I've only seen white getters when the tube has lost all vacuum, such as a broken envelope, or a pin bent so badly it cracks the glass seal. Normally, you see the getters fade at the edges and eventually disappear as they combine with the gas molecules in the tube.
Download and read Getting the Most Out of Vacuum Tubes by Robert Tomer, 1960.
Now that's a complete answer! 
People under a certain age (me included) might not realize that CBS was a manufacturer of vacuum tubes, until you get some CBS-labeled tubes. So it's worth noting that Tomer wrote the book from the standpoint of a person intimately familiar with vacuum tube manufacturing.
On the topic of gas, he points out that an absolute vacuum is/was impossible to create in tubes. But the volume of gas in a tube was so minute as to be largely a non-issue, except for the mechanisms by which gas is liberated from tube elements.
In any event, I've got 1,000+ tubes (lost count a number of years ago).

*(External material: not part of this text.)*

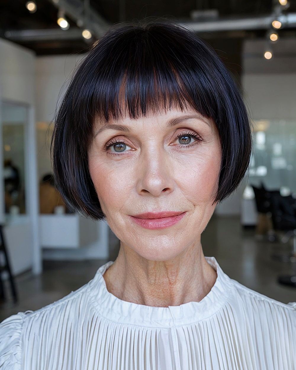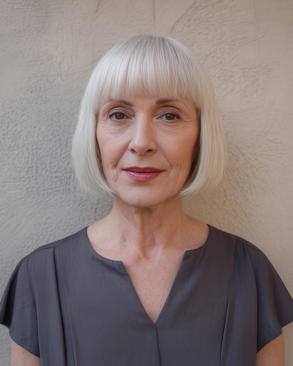 This crisp chin-length French bob is elevated with wispy, choppy bangs that fall just above the brows. Ideal for women over 60 with straight, fine hair, it gives structure and personality without needing much styling. The clean perimeter adds sharpness to round and square faces, while the short bangs draw attention to the eyes. It’s a chic, modern take with minimal layering—best worn sleek.

I've had only 1 short-circuit in almost 20 years of playing with them (heater-to-plate short from pin 2 to pin 3 of a 6L6GC). I've only had a couple with white getters, generally due to breakage in shipping or from dropping a box holding a bunch of loose tubes.
Outside that, I've never had a tube with the heater open up, and I've never had a completely dead tube that couldn't be made to provide
some amount of function in circuit. Gain, Gm, or power output may be low compared to a new tube, but they all still do
something. So it really boils down to how you evaluate their performance, and at what point you decide to pitch them.